By "polynomial formula", we mean that $P_1(n) = 1 + 2 + ... + n = \frac 12 n^2 + \frac 12 n$ for all positive integer $n$, so we extend $P_1(x) = \frac 12 x^2 + \frac 12 x$ for all real $x$.
MY APPROACH
I showed that any polynomial that satisfies those two properties is unique, so that, if that integral expression (call it $R_{k+1}(x)$) satisfies them with $R_{k+1}(x)-R_{k+1}(x-1)=x^{k+1}$, then we must have $P_{k+1} = R_{k+1}$.

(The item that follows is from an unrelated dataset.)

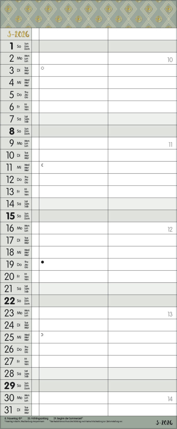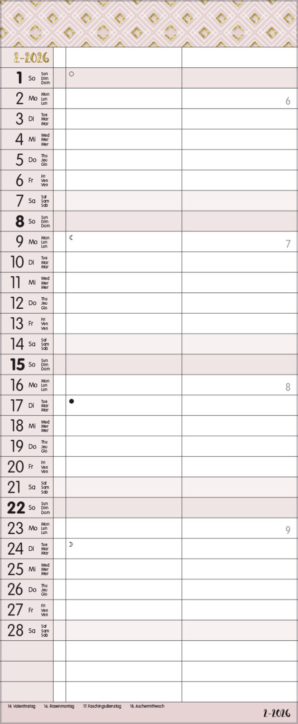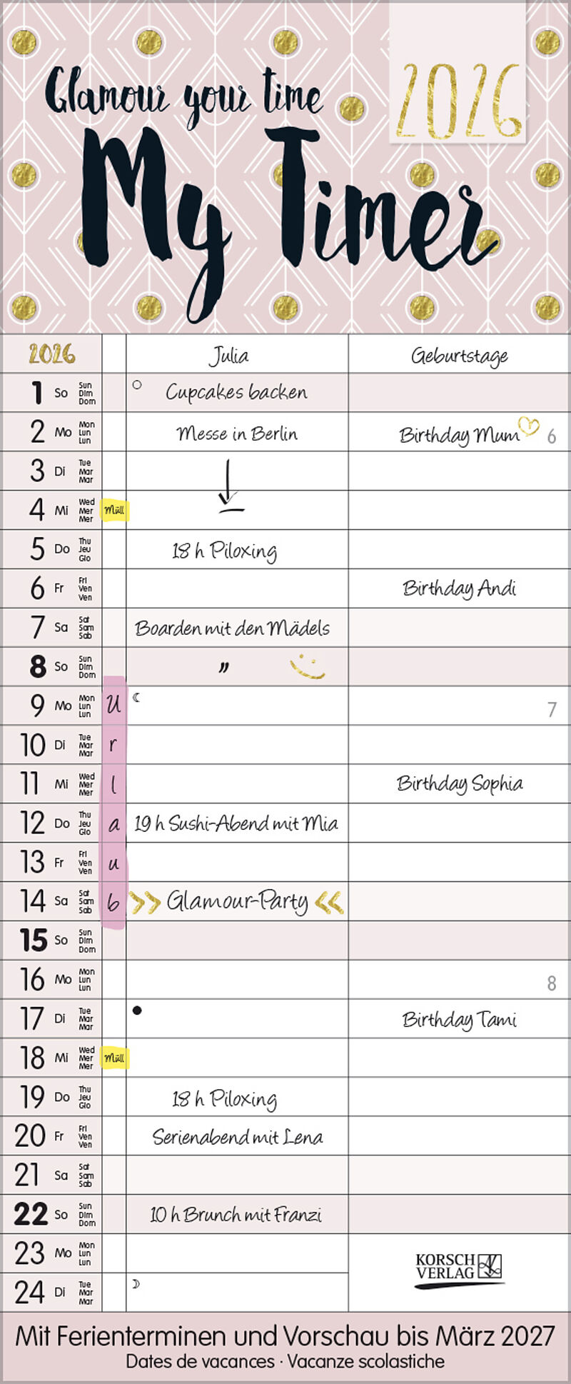 Korsch Familienkalender - Produktmerkmale Übersichtlicher Familienplaner für bis zu 2 Personen; sehr stabile Rückwand; 19 x 46 cm Terminkalender mit viel Platz für Eintragungen, ohne störende Bilder in den Spalten leichte Beschreibbarkeit, auch mit Bunt- und B...

I'm just not sure how to show that $R_{k+1}$ exhibits the second property. Here's what I have:
$R_{k+1}(x) - R_{k+1}(x-1) = (k+1)\int_{x-1}^x P_k(t) \, dt + C_{k+1}$
Expanding $P_k(t) = p_0 + p_1 t + p_2 t^2 + ...$ gives
$R_{k+1}(x) - R_{k+1}(x-1) = (k+1)\int_{x-1}^x \sum_{i=0}^\infty p_i t^i \, dt + C_{k+1}$
$ = (k+1)\sum_{i=0}^\infty \frac{p_i}{i+1}(x^{i+1}-(x-1)^{i+1}) + C_{k+1}$
Any advice on where to go from here? Thanks in advance.
 A: I got it! (I think.)
SOLUTION
Let $R_{k+1}(x) = (k+1)\int_0^x P_k(t) \,dt + C_{k+1}x$. Then note that $R_{k+1}(0) = (k+1)\int_0^0 P_k(t) \,dt + C_{k+1} \cdot 0 = 0$.
For the second property:
By hypothesis, we have $P_k(t) - P_k(t-1) = t^k$ 
Integrating from $0$ to $x$:
$\int_0^x P_k(t) \, dt - \int_0^x P_k(t-1) \, dt = \int_0^x t^k \, dt = \frac{1}{k+1}x^{k+1}$
Multiplying by $k+1$ and letting $u=t-1$ in the second integral:
$(k+1)\int_0^x P_k(t) \, dt - (k+1)\int_{-1}^{x-1} P_k(u) \, du = x^{k+1}$
Splitting the second integral at 0:
$(k+1)\int_0^x P_k(t) \, dt + \underset{C_{k+1}}{\underbrace{^- (k+1)\int_{-1}^{0} P_k(u) \, du}} - (k+1)\int_0^{x-1} P_k(u) \, du = x^{k+1}$
But $C_{k+1} = C_{k+1} \times \left[x - (x-1) \right]$, so
$(k+1)\int_0^x P_k(t) \, dt + C_{k+1}x - \left[(k+1)\int_0^{x-1} P_k(u) \, du + C_{k+1}(x-1)\right] = x^{k+1}$
But this is precisely
$R_{k+1}(x) - R_{k+1}(x-1) = x^{k+1}$
Hence, by the uniqueness of $P_{k+1}$, we must have $P_{k+1}(x) = (k+1)\int_0^x P_k(t) \,dt + C_{k+1}x$.